Previously, Roses led a research team in 1992 that identified APOE4 as a key susceptibility gene associated with late-onset Alzheimer's. Duke University held patents on methods of testing for APOE variants to gauge a person's risk of Alzheimer's, which it exclusively licensed to Athena. Some critics of gene patents have cited Duke's APOE patents as broadly describing an association between the variants and Alzheimer's risk and have asserted that the patents should be invalidated.

One of Duke's patents is now expired and the rest are slated to expire in coming months. Roses has previously said that in the mid-1990's, when APOE testing was first launched, many people misunderstood the association between APOE variants and Alzheimer's risk and wanted to use the marker to screen patients without signs and symptoms for the disease. The exclusive licenses on the methods for gauging APOE variants helped stave off inappropriate use of the test, Roses has maintained.

The genomic algorithm Roses' research team is now developing as a companion test for Actos is occurring at a time when genomically guided treatment strategies are somewhat better understood. Also, Roses has previously told PGx Reporter that the patents filed on this method don't describe a simple association between TOMM40 and Alzheimer's disease.

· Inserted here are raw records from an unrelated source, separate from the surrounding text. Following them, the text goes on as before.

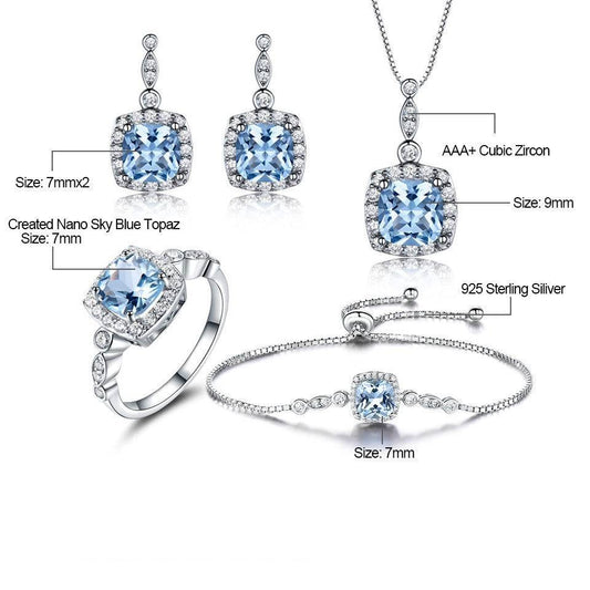 Ensemble Bijoux en Argent Sterling 925 avec Topaze Bleue Ciel – Collier, Bague, Boucles d’Oreilles et Bracelet
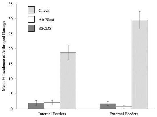 Mean percent incidence of arthropod damage on fruit. Mean incidence shown from the airblast and SSCDS treated plots, with a comparison check from a nearby untreated orchard (Check not included in statistical analysis). Error bars indicate standard error of the proportion.
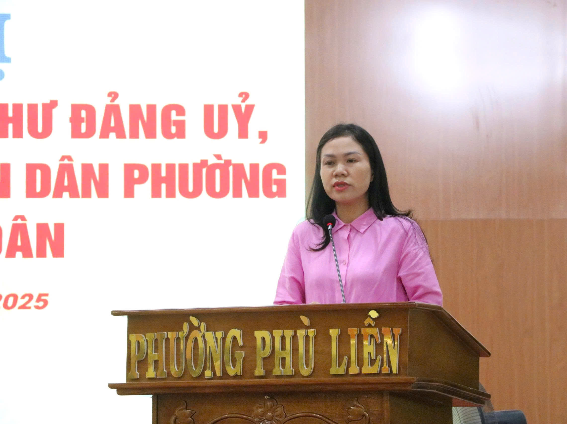Bí thư Đảng ủy, Chủ tịch HĐND phường Phù Liễn Bùi Thị Tuyết Mai phát biểu kết luận tại Hội nghị.Phát biểu kết luận Hội nghị, Bí thư Đảng ủy, Chủ tịch HĐND phường Phù Liễn Bùi Thị Tuyết Mai biểu dương tinh thần thẳng thắn, trách nhiệm của các đại biểu, đồng thời ghi nhận nỗ lực của UBND phường cùng các ban, ngành, đơn vị trong việc trực tiếp đối thoại, giải đáp cụ thể các kiến nghị của Nhân dân.
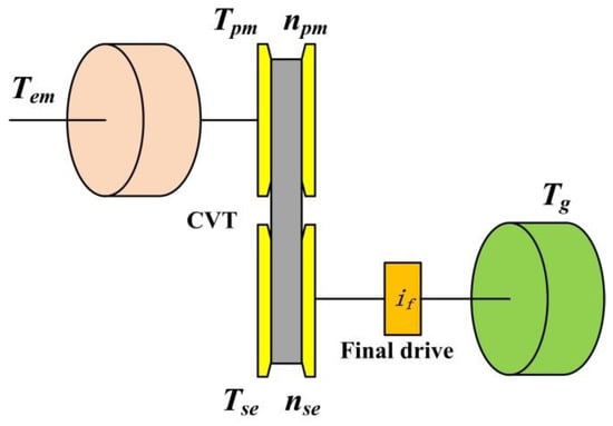 where Ip and Is are the input and output moments of inertia of the CVT, Tem is the motor torque, Tq is the torque of the wheel drive shaft, Tse are the torque secondary pulley, if is the speed ratio of final drive, icvt is the speed ratio of CVT, and ηb is the efficiency of the metal belt.
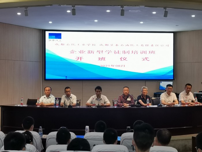 8月16日上午,成都新材料产业功能区企业——成都昱泰石油化工有限责任公司“企业新型学徒制培训班”开班仪式在成都石化工业学校北校区隆重举行。昱泰化工总工程师王忠、工程副总姜再峰、安全总监兼安全环保部部长刘珍志、乙烯焦油车间主任刘匡欣、成都石化工业学校副校长刘遵勇、培训处主任张斌、化工科相关负责同志、培训教师代表出席了开班仪式??嘁鞘接申盘┗すこ谈弊芙俜逯鞒?。

“I am confident that this represents more than patenting the sequence of a piece of DNA and meets several of the criteria … used by the Patent Office for consideration of a patent-eligible invention,” Roses said. “I would hope that future patent applications would be less based on uncertain and highly expansive claims, but will be strongly defined so that the art of medicine can progress through more focused diagnosis and prognosis, coupled with more focused therapy discovery and development.”